Smith was a great contributor to the Writings About the Writings. He started writing scholarly papers in the late 1930s, and was thrilled when Morley ran one of them, “The Curious Incident of the Tour de Force,” in the Saturday Review of Literature in 1938. His first major publication came in 1939, Appointment in Baker Street, a comprehensive guide to all the men and women in the Sherlock Holmes stories. After that, he became the dominant figure in our scholarship. He edited a second volume of BSI Writings About the Writings, Profile by Gaslight, in 1944; in 1946, he launched the Baker Street Journal with himself as editor, and eventually editor and publisher both; and, in order to have available as pure an edition as possible of the Sacred Writings, he edited what I call the BSI edition of the Canon, the Limited Editions Club volumes issued in 1950 and 1952, with introductory essays by fellow Irregulars Starrett, Morley, Davis, Fletcher Pratt, Rex Stout, Anthony Boucher, and himself — still in print as Easton Press’s Leatherbound Sherlock Holmes. And throughout the 1950s he issued volume after red-covered volume of Irregular writings, current and historic.
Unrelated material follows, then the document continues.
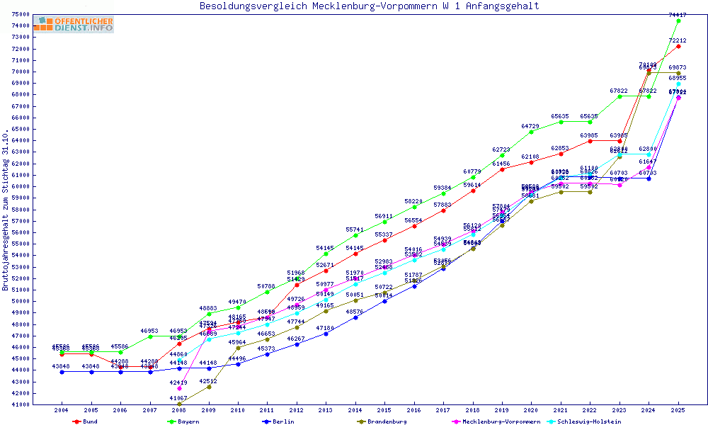 | Besoldungsvergleich W 1 im Jahr 2025 | gemitteltes Gehalt | ||||||

It was an amazing level of activity for someone who, until retiring in 1954, had a very demanding day-job — a vice president of General Motors’ Overseas Operations in New York. He was very important there, and known far beyond GM as a foreign trade authority and management expert. He was central to both GM’s wartime mobilization and its planning for the postwar era. In philosophy he was a free-trader and New Deal Democrat, who made both Franklin Roosevelt and Harry Truman honorary members of the BSI. More time was spent on his hobby at work than was usual for senior executives, but he made no secret of it, even turning a series of secretaries into helpmates for BSI business; and no one at General Motors complained because Smith was also a tireless and efficient champion of GM interests.
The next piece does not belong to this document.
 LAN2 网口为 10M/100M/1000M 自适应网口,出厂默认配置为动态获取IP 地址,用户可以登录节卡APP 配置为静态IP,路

Unlike most New York BSI, Smith loved scion societies. While The Five Orange Pips wasn’t a BSI scion, he became its Sixth Pip even before he was a Baker Street Irregular. In 1940 he was a co-founder of the BSI’s first scion society, The Speckled Band of Boston, and he soon came to call himself a Scion Society Circuit Rider. Whenever in Detroit on GM business, he attended Amateur Mendicant Society meetings. At least twice he got to Scowrers & Molly Maguires meetings in San Francisco. But quite regularly he attended meetings of The Dancing Men of Providence, The Sons of the Copper Beeches in Philadelphia, The Six Napoleons of Baltimore — and The Red Circle of Washington.


Smith had long wanted a BSI scion society in Washington, where he often came on business at the State Department and elsewhere, and belonged to the Army & Navy Club on Farragut Square. But while major figures like Elmer Davis and Felix Morley had not found the time, Karen Kruse, Svend Petersen,  Dorothy Bissonette, and Patricia Parkman did, and here we are fifty years later.


Edgar W. Smith continued to run the BSI after retirement from his new Morristown, New Jersey, home on a private street he got officially named Baker Street, until his greatly mourned death in September 1960. He was “The Hound of the Baskervilles’ in the BSI, an investiture never to be reassigned.